Fruiting bodies (apothecia) arise beneath a continuous outer layer and then break open through that roof; early stages are urn-like, and mature cups open by several radiating slits so the looks star-cut from above. Internally the apothecia show a typical structure with eight-spored asci and a colourless, septate spore type; asexual propagules are also present—pycnidia produce conidia—and powdery soredia commonly form around young apothecia. No lichen substances were detected in the material examined by Jørgensen and Jahns, although later British material has been reported to contain atranorin and lobaric acid.

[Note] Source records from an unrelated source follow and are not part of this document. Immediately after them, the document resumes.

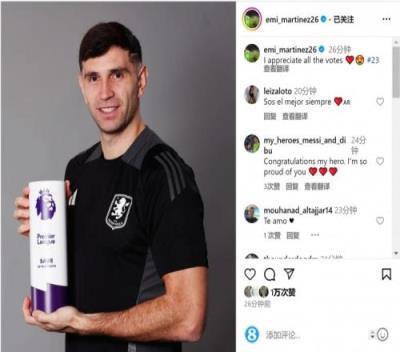 马丁内斯凭借对阵诺丁汉森林的神扑,获得英超12月最佳扑救奖,他在社交媒体上晒出自己手拿奖杯的照片,配文:“感谢大家的投票。”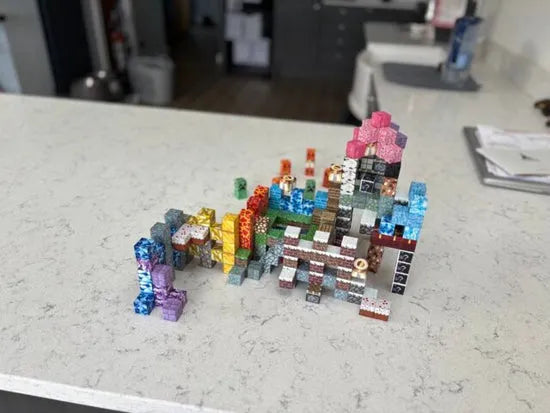 Fördern Sie die Kreativität Ihrer Kinder mit diesem Baukasten, der von Pixelwelten inspiriert ist. Mit seinen bunten, leicht zusammensetzbaren Bausteinen bietet es ein ideales Terrain, um Strukturen zu erfinden, Logik zu entwickeln und die Feinmotorik zu trainieren. Fernab von Bildschirmen bietet es eine spielerische Aktivität, die die Aufmerksamkeit fesselt und gleichzeitig die Fantasie anregt.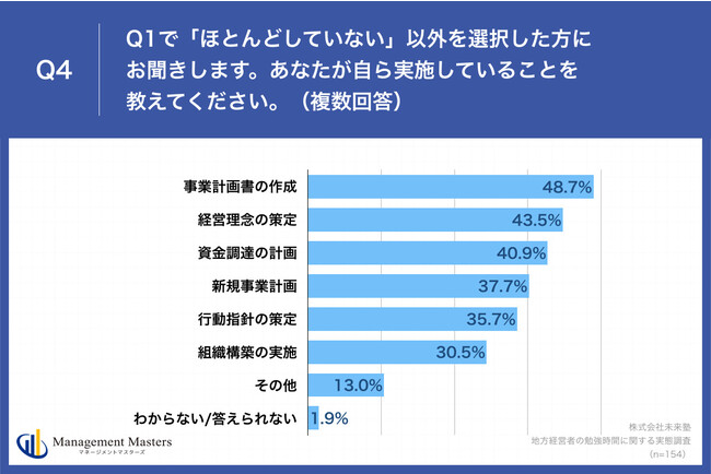 Q1で「ほとんどしていない」以外を選択した方に、「Q4.あなたが自ら実施していることを教えてください。(複数回答)」(n=154)と質問したところ、「事業計画書の作成」が48.7%、「経営理念の策定」が43.5%、「資金調達の計画」が40.9%という回答となりました。

==Habitat and distribution==

Muhria urceolata grows on open, nutrient-poor, often sun-exposed mineral surfaces where cyanobacterial films or cushions are already established, places such as weathered rock and thin gritty soils with intermittent moisture. The lichenised areoles sit within and around these cyanobacterial patches, and early apothecial stages are frequently seen developing among the cyanobacteria; soredia can be trapped there as well.

The species is known from scattered localities in Sweden and Norway, likely to be overlooked because of its small size and unusual growth form. They suggested that similar habitats with cyanobacterial crusts elsewhere might also harbour the lichen, so the apparent Scandinavian restriction could reflect under-collecting rather than a genuinely narrow range. The species was originally described from scattered localities in Sweden and Norway, and later specialist treatments also reported it from Scotland. It grows on open rock or thin soil among cyanobacterial mats; British material has been described from moist siliceous rock faces and other sheltered humid habitats.